Bahasa Healthcare Conversational Chat Dataset

This dataset features Bahasa text-based chat conversations between customers and call center agents, specifically focused on healthcare-related interactions. It covers real-world scenarios designed to reflect the authentic language, tone, and structure of Bahasa healthcare conversations. This dataset is ideal for training chatbots, smart assistants, and NLP models tailored to the healthcare domain.

About This OTS Dataset

Introduction

The Bahasa Healthcare Chat Dataset is a rich collection of over 10,000 text-based conversations between customers and call center agents, focused on real-world healthcare interactions.

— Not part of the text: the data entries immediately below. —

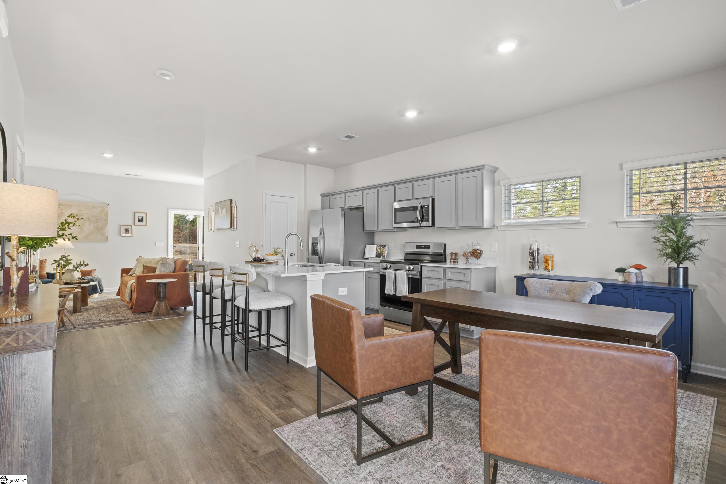 Welcome to the Aspen—a beautifully designed townhome offering 1,305 square feet of comfortable, modern living. This thoughtfully crafted three-bedroom, two-and-a-half bath home features stylish finishes throughout, including sleek quartz countertops and stainless steel appliances in a kitchen that flows seamlessly into the main living area and dining area. The open-concept floor plan creates an inviting space ideal for both daily living and entertaining. Upstairs, you’ll find three spacious bedrooms and two full bathrooms, providing a private and comfortable retreat for family or guests. Step outside to enjoy a generously sized patio, complete with privacy partitions—perfect for relaxing or hosting in your own outdoor oasis. Built with energy efficiency in mind, this home offers both comfort and peace of mind. Schedule your private tour today and see what the Aspen has to offer.
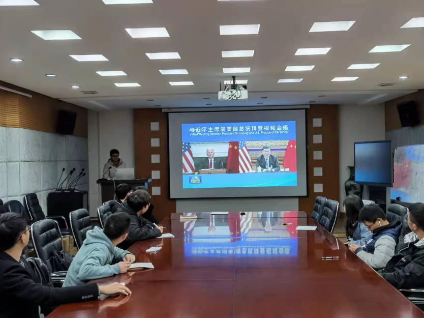 随后,朱恒双带领大家观看习总书记和美国总统拜登的视频会晤内容。这次会晤两国元首谈到的都是事关中美关系未来的、很重大的战略性问题,还有双方共同关心的、关切的问题,这次会晤的主要内容可以概括为“3421”,也就是习近平主席就发展中美关系提出了“三点原则”和“四个方面的优先事项”,两国领导人达成了“两个原则共识”,习近平主席就“一个重要问题”深入做了美方工作。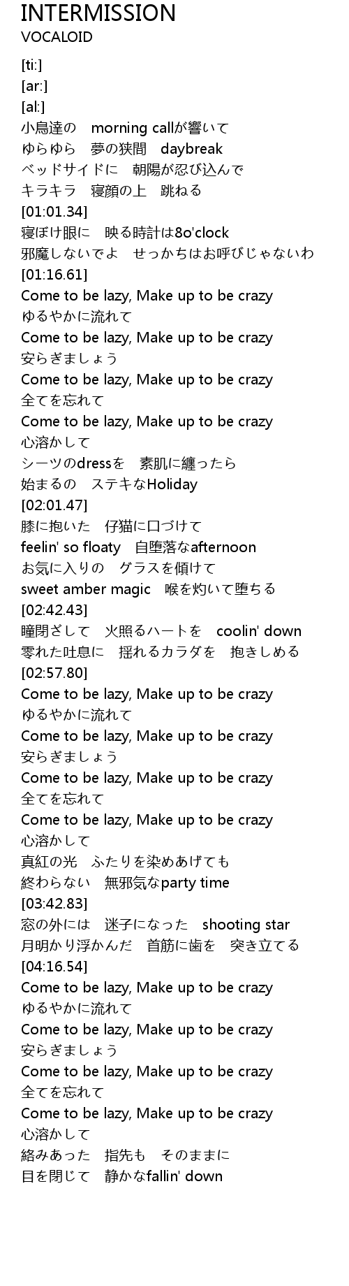 | [04:39.79] | Come to be lazy, Make up to be crazy |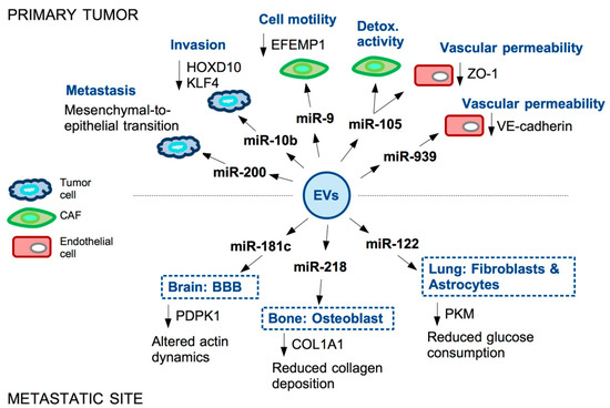 The endothelial function is strongly affected by the EVs of breast cancer cell derivation also at metastatic sites. Breast cancer cells metastasizing to the brain may indeed promote the destruction of the blood–brain barrier (BBB) through the secretion of EV-associated miR-181c, which in turn down-regulates 3-phosphoinositide-dependent protein kinase-1 (PDPK1). PDPK1 reduction then leads to activated cofilin-induced modulation of actin dynamics responsible for the BBB modification facilitating the metastatic process [40].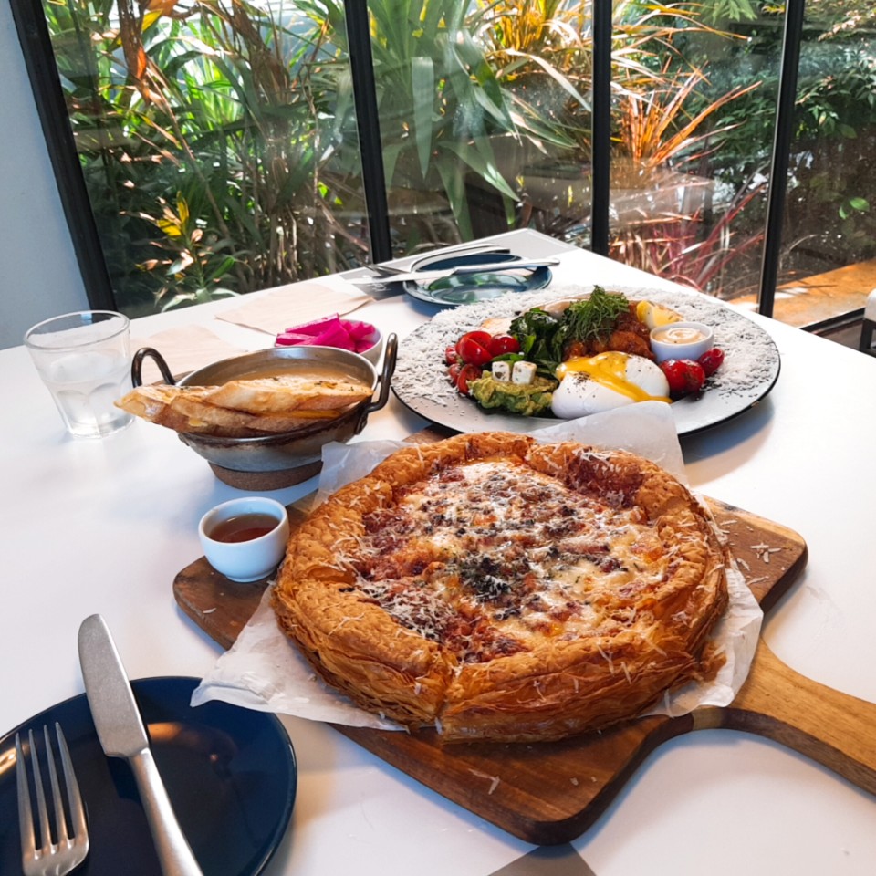 [부산 송정] 비주얼, 맛 모두 훌륭했던 브런치카페, 키치니토 키친 재방문기 베이컨파이는, 도우 부분이 페스츄리로 되어 있어서 식감으로 너무나도 훌륭한 맛을 제공하였다.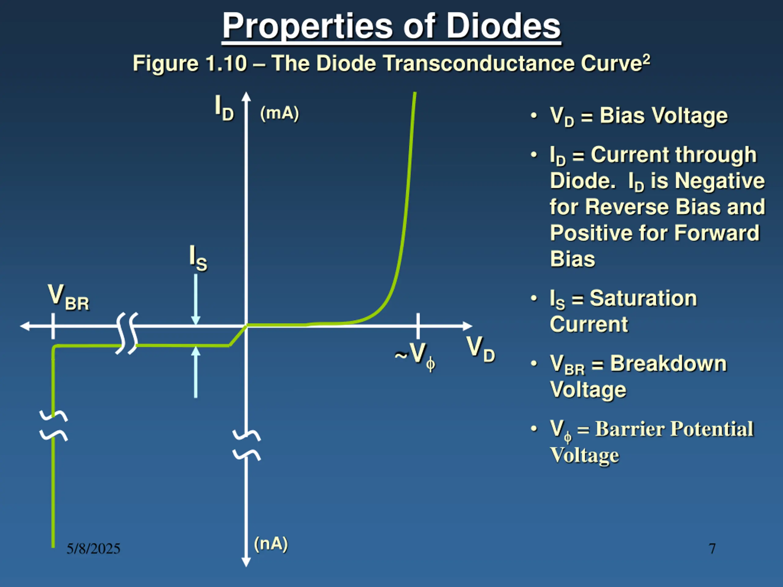 Properties of Diodes Figure 1.10 The Diode Transconductance Curve2 ID VD = Bias Voltage (mA) ID = Current through Diode. ID is Negative for Reverse Bias and Positive for Forward Bias IS VBR IS = Saturation Current VD ~V VBR = Breakdown Voltage V = Barrier Potential Voltage (nA) 5/8/2025 7

Designed to reflect authentic language use and domain-specific dialogue patterns, this dataset supports the development of conversational AI, chatbots, and NLP models tailored for healthcare applications in Bahasa-speaking regions.

Participant & Chat Overview

•

Participants: 150+ native Bahasa speakers from the FutureBeeAI Crowd Community

•

Conversation Length: 300–700 words per chat

•

Turns per Chat: 50–150 dialogue turns across both participants

•

Chat Types: Inbound and outbound

•

Sentiment Coverage: Positive, neutral, and negative outcomes included

Topic Diversity

The dataset captures a wide spectrum of healthcare-related chat scenarios, ensuring comprehensive coverage for training robust AI systems:

•

Inbound Chats (Customer-Initiated): Appointment scheduling, new patient registration, surgery and treatment consultations, diet and lifestyle discussions, insurance claim inquiries, lab result follow-ups

•

Outbound Chats (Agent-Initiated): Appointment reminders and confirmations, health and wellness program offers, test result notifications, preventive care and vaccination reminders, subscription renewals, risk assessment and eligibility follow-ups

This variety helps simulate realistic healthcare support workflows and patient-agent dynamics.

Language Diversity & Realism

This dataset reflects the natural flow of Bahasa healthcare communication and includes:

•

Authentic Naming Patterns: Bahasa personal names, clinic names, and brands

•

Localized Contact Elements: Addresses, emails, phone numbers, and clinic locations in regional Bahasa formats

•

Time & Currency References: Use of dates, times, numeric expressions, and currency units aligned with Bahasa-speaking regions

•

Colloquial & Medical Expressions: Local slang, informal speech, and common healthcare-related terminology

These elements ensure the dataset is contextually relevant and linguistically rich for real-world use cases.

Conversational Flow & Structure

Conversations range from simple inquiries to complex advisory sessions, including:

•General inquiries

•Detailed problem-solving

•Routine status updates

•Treatment recommendations

•Support and feedback interactions

Each conversation typically includes these structural components:

•Greetings and verification

•Information gathering

•Problem definition

•Solution delivery

•Closing messages

•Follow-up and feedback (where applicable)

This structured flow mirrors actual healthcare support conversations and is ideal for training advanced dialogue systems.

Data Format & Structure

Available in JSON, CSV, and TXT formats, each conversation includes:

•Full message history with clear speaker labels

•Participant identifiers

•Metadata (e.g., topic tags, region, sentiment)

•Compatibility with common NLP and ML pipelines

Applications

This dataset supports a wide range of AI and NLP use cases in the healthcare sector:

•Healthcare Chatbots & Voice Assistants

•Appointment Scheduling Automation

•Sentiment and Emotion Detection

•NER and Medical Entity Extraction

•Text Classification & Intent Detection

•Predictive Response Models

•Bahasa NLP Research in the Healthcare Domain

Ethical Collection & Data Security

•

Consent-Based Contribution: All participants provided informed consent

•

Privacy Compliant: No personally identifiable information is shared

•

Secure Data Handling: All data was collected and stored securely within FutureBeeAI's infrastructure

•

Ethical Standards: Adheres to best practices in AI ethics, healthcare data governance, and privacy protection

Dataset Expansion & Customization

The dataset is actively maintained and can be customized to meet specific needs:

•

Custom Annotations: Add NER tags, intent labels, sentiment scores, or medical category tags

•

Topic Expansion: Collect new chats for specific health areas (e.g., pediatrics, dermatology, telemedicine)

•

Region-Specific Data: Custom collection for different Bahasa-speaking countries and dialects

•

Multilingual Options: Extend to additional languages or cross-lingual training needs

Licensing

This dataset is developed and owned by FutureBeeAI and is available under a commercial license. Flexible licensing terms are available for enterprise, startup, and academic use.